En tu proceso como cocinero, qué cocineros te han marcado más?
Me he formado en diferentes escuelas, he hecho aprendizaje y tengo en la cabeza muchos cocineros, no sabría decirte sólo uno. De hecho, coges un poco de aquí, un poco de allí y hay muchos que me gustan pero no me atrevo a decir.

Tienes algún alimento o bebida que no te guste? Eres capaz de cocinarlo o aplicarlo?
No, no, todo me gusta. Hay cosas que me gustan más y otras menos pero al final todo me gusta. Cuando trabajas en el mundo de la cocina dependiendo de donde estés trabajando, debes cocinar productos que no serían los que más me gustarían pero las tienes que hacer y siempre bien, ahora no es el caso porque aquí las cartas las hago yo y yo lo organizo.

Qué ingrediente no puede faltar en tu cocina?
El aceite de oliva sin duda, es uno de los ingredientes que pienso que no puede faltar nunca en mi cocina.
Por otra parte, mi abuela siempre comenzaba sus sofritos con ajo, pimienta y guindilla, siempre. La guindilla es un complemento que le da un toque a los platos que pienso que es muy atractivo.

Nos puedes explicar un plato sencillo para hacer en casa?
Venga! Os contaré un revuelto de huevo que me hacía mi abuela, que era muy sencillito pero que lo clababa porque cogía y ponía en una sartén un poco de aceite y le tiraba un par de huevos y hacía una especie de huevo frito.

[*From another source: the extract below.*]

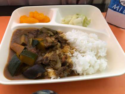 夏野菜のカレーライス キャベツのサラダ みかん缶 牛乳

Primero dejaba que se hiciera la clara y cuando estaba hecha sacaba la sartén del fuego y con el calor residual los rompía haciendo el revuelto. De esta manera quedaban en el plato 2 colores muy marcados: el amarillo y el blanco.

La clara aporta mucha jugosidad al plato. Este revuelto me lo ponía con un corte de pan con tomate, un poco de aceite y sal. Cuando te lo pones en la boca es un pedazo de cielo que te estás comiendo. De hecho mis hijos es uno de los platos que más disfrutan cuando les hago.

  • Algún restaurante, tienda o bodega que nos quieras recomendar?La verdad que me gusta la cocina muy sencilla y los restaurantes que hacen cosas muy sencillas: carnes a la brasa, platos tradicionales de toda la vida. De hecho es con lo que casi más disfruto. Si tengo que ir ahora a un restaurante de referencia pues te diría el Masala 73 que es mío, ya, ya, ya!

    Bueno, de referencia te podría decir el Gresca, la Mundana son dos a los que voy y salgo bien, salgo satisfecho.

    Trabajo con muchas bodegas diferentes y son todos buenos, todos son importantes para mí.

    En líneas generales, los proveedores que tengo en Barra Alta muchos son amigos, que los conozco hace mucho tiempo, que me llevan genero de primera y referentes en el monte de la gastronomía como com Joselito, Carlos Piernas, Francesc Collell, Olivies Premium Shellfish, Original Gourmet, Colet  con muchos es una relación de hace más de 14 años. Y, a veces, estas cosas están por encima de todo. Además confío con su producto. También es el caso de mi socio, Marc, que tiene una empresa importante donde exporta bogavante y vieira del Canada y Argentina, tiene unos 70 distribuidores en España y distribuye también en Europa y Asia, lleva producto, sobre todo bogavante y vieira, fuera de serie. Al final, con los años te vas haciendo y trabajando con un grupo de amigos que son tus proveedores, donde todo el mundo intenta ser honesto y trabajar con calidad, al final eso es lo más importante.

Para terminar, nos puedes contar alguna anécdota culinaria que te haya quedó grabada y que nos puedas contar?
Te podría decir una no se si es graciosa o no… hace años cuando trabajaba en Formentera. Allí por la mañana venían los pescadores que me traian el pescado fresco y había alguna vez que aún se movía en la caja

En la cocina tenía trabajando un ayudante de Gambia y que tenía miedo a los peces que aún se movían, y claro no quería tocarlos si se movían, le costaba limpiar el pescado, de hecho, no le gustaba nada!